(Task material begins)
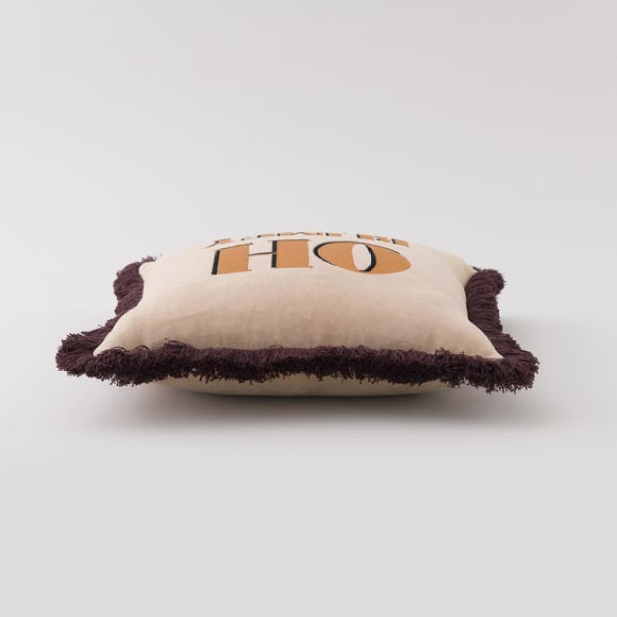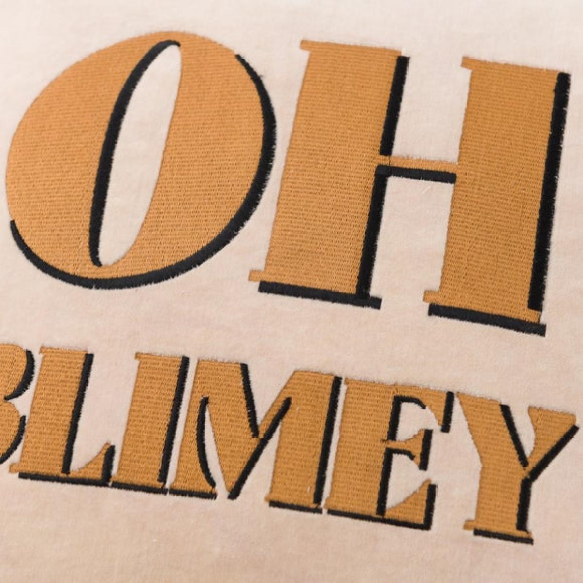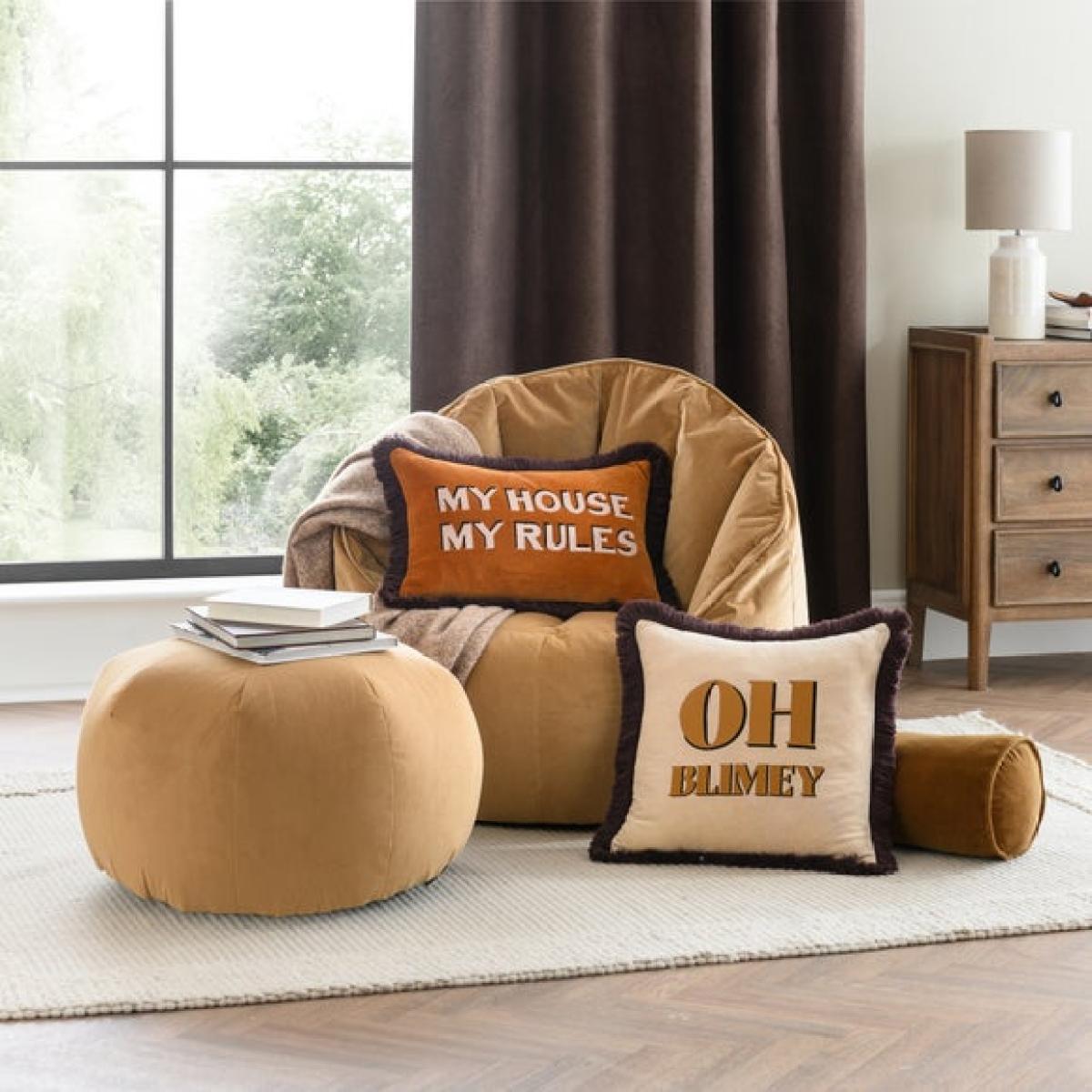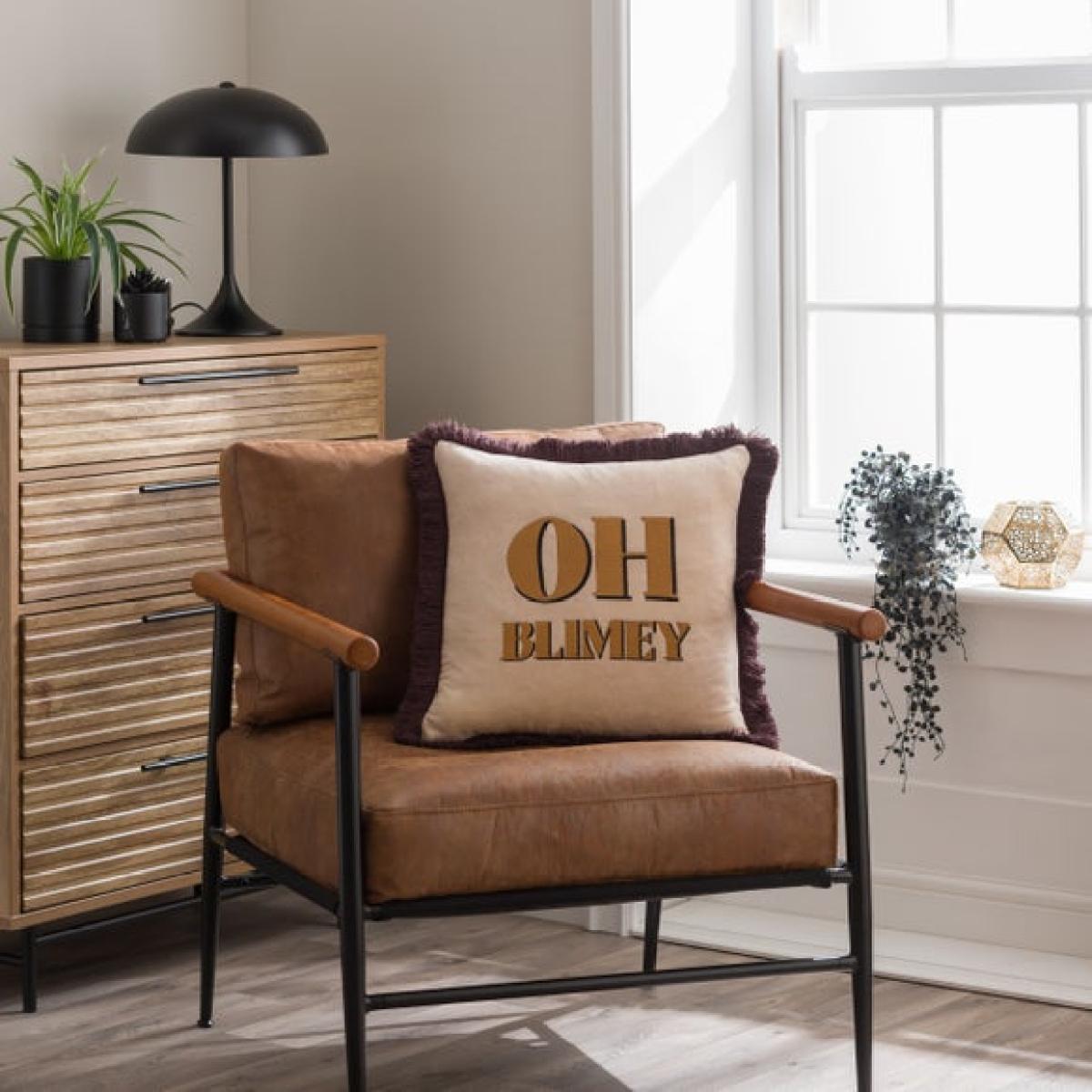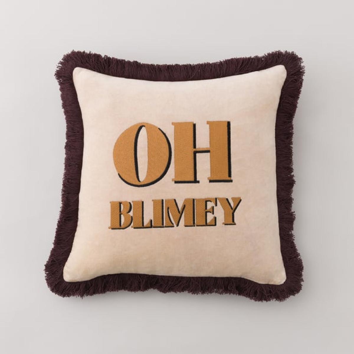 * Soft and luxurious, 100% cotton velvet cover * Embroidery and fringe detailing * Polyester fibre filling * Zip fastening * Machine washable Add a dash of fun and flair to your interiors with the Oh Blimey Cushion. Made from rich 100% cotton velvet, this square cushion is adorned with a bold embroidered slogan and finished with a thick, textured fringe for a playful twist. The soft polyester fibre filling offers everyday comfort, while the zip fastening and machine washable cover ensure easy care. Whether on your bed, armchair, or sofa, this cushion brings a humorous and light-hearted touch to your home. Team it with the "My House My Rules" cushion for an entertaining cushion combo.
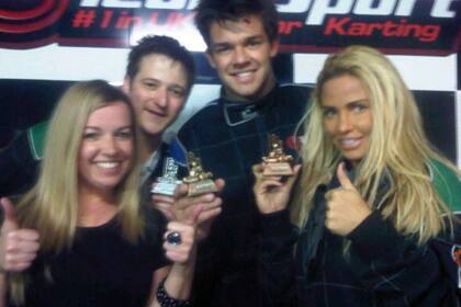 El ex "bañero de Marley", Leandro Penna,se llamó al silencio en medio de los rumores de compromiso entre él y su novia hipermediática inglesa, Katie Price. Mientras tanto, sigue mostrando en Twitter su vida de pareja feliz: subió una foto con Katie y unos amigos después de una carrera de karting. "Nos divertimos mucho con los chicos y amigos. Salí tercera y Leo, primero", contó su novia en la red social.
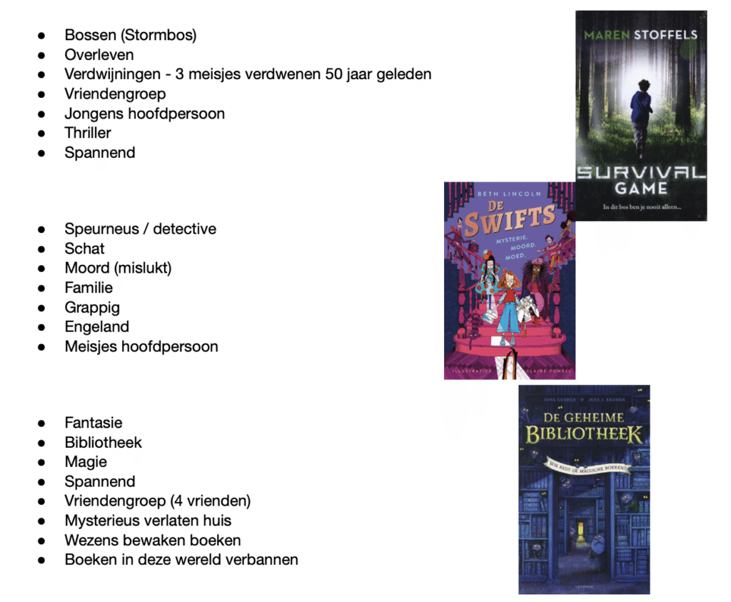 Om bij de keuzes in het spel het juiste boek te vinden was het belangrijk om verschillende waardes aan de vragen te koppelen. Ik vond het lastig om in te schatten wat kinderen het belangrijkst zouden vinden: setting, thema, of hoofdpersoon. Uiteindelijk besloot ik het thema als belangrijkste element te nemen, daarna de setting en als laatste de hoofdpersoon.
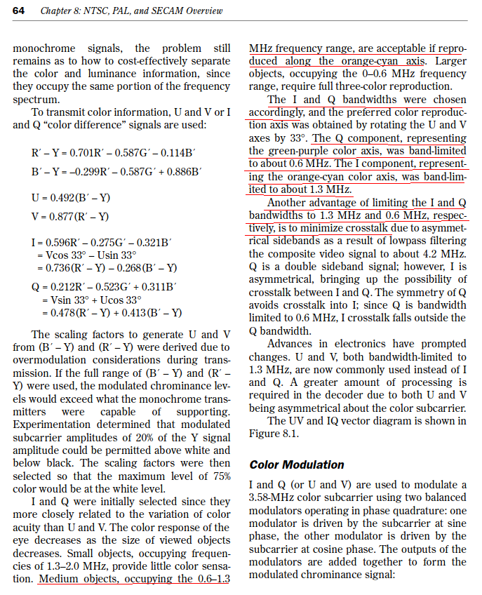 Did anyone read the document i posted with NTSC bandwidth standard, that if you make them equal you’ll introduce hell of a lot of crosstalk between I and Q? And PAL U/V needs extra work on decoder side to get rid of the crosstalk because they are equal?
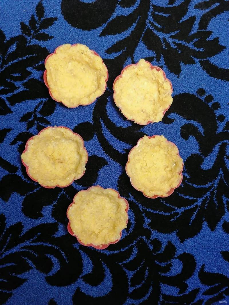 Готовую поленту выкладываем в формочки и распределяем ее по формочкам руками, смоченными в холодной воде, делая бортики по краям. Я выпекала в силиконовых формочках в виде розочек.
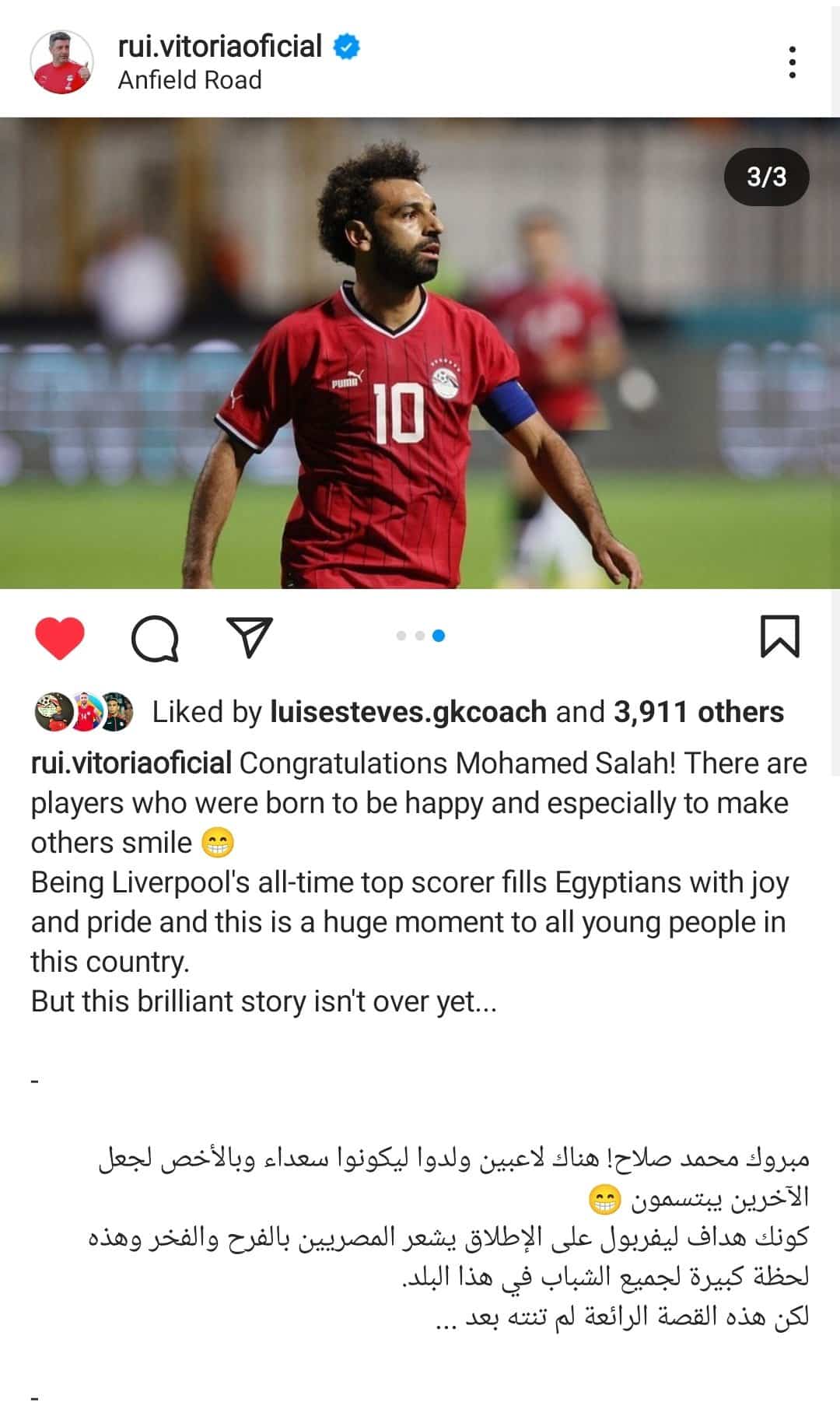 ونشر روي فيتوريا عبر حسابه الرسمي علي “إنستجرام” صورة لمحمد صلاح وعلق عليها: “مبروك محمد صلاح، هناك لاعبين ولدوا ليكونوا سعداء وبالأخص لجعل الآخرين يبتسمون، كونك هداف ليفربول على الإطلاق يملأ المصريين بالفرح والفخر وهذه لحظة كبيرة لجميع الشباب في هذا البلد، لكن هذه القصة الرائعة لم تنته بعد”.
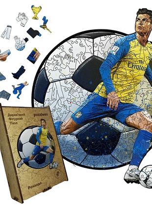 пазл Решительный Роналду: составьте уникальный образ великого футбольного мастера, воспроизводя его непревзойденную технику и талант с помощью деревянных частиц! формат А3
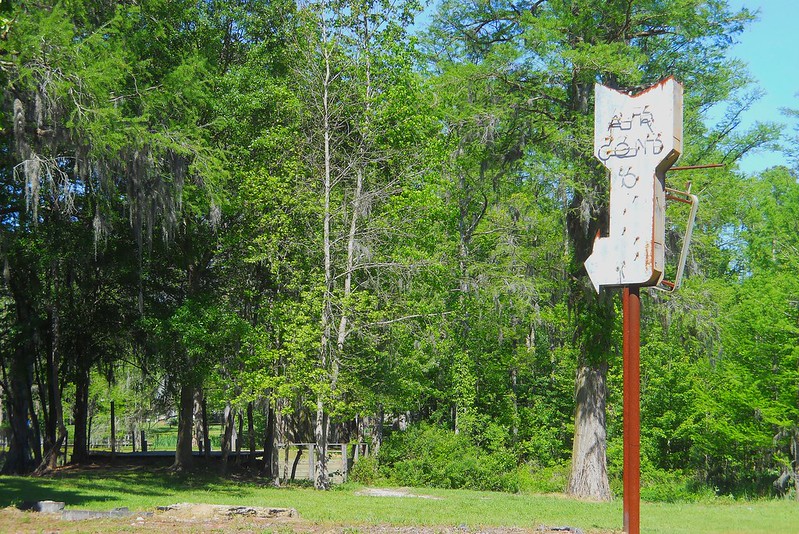 The building that this used to point to was the Starlight. It was the club that my sister’s generation was forbidden to go to in high school so naturally they sneaked off to it. I never made it to the Starlight. By the time I was old enough to want to get in trouble there was the Purple Onion (briefly) and then the Gator Disco Lounge. Now the sign points to a beautiful Spanish moss draped millpond.
(Task material ends)
Task requirements » Write out word for word the lines above that run from the one with "Did anyone read" to the one with "Готовую поленту выкладываем". Include both end lines; exclude the images.

Task output »
 Did anyone read the document i posted with NTSC bandwidth standard, that if you make them equal you’ll introduce hell of a lot of crosstalk between I and Q? And PAL U/V needs extra work on decoder side to get rid of the crosstalk because they are equal?
 Готовую поленту выкладываем в формочки и распределяем ее по формочкам руками, смоченными в холодной воде, делая бортики по краям. Я выпекала в силиконовых формочках в виде розочек.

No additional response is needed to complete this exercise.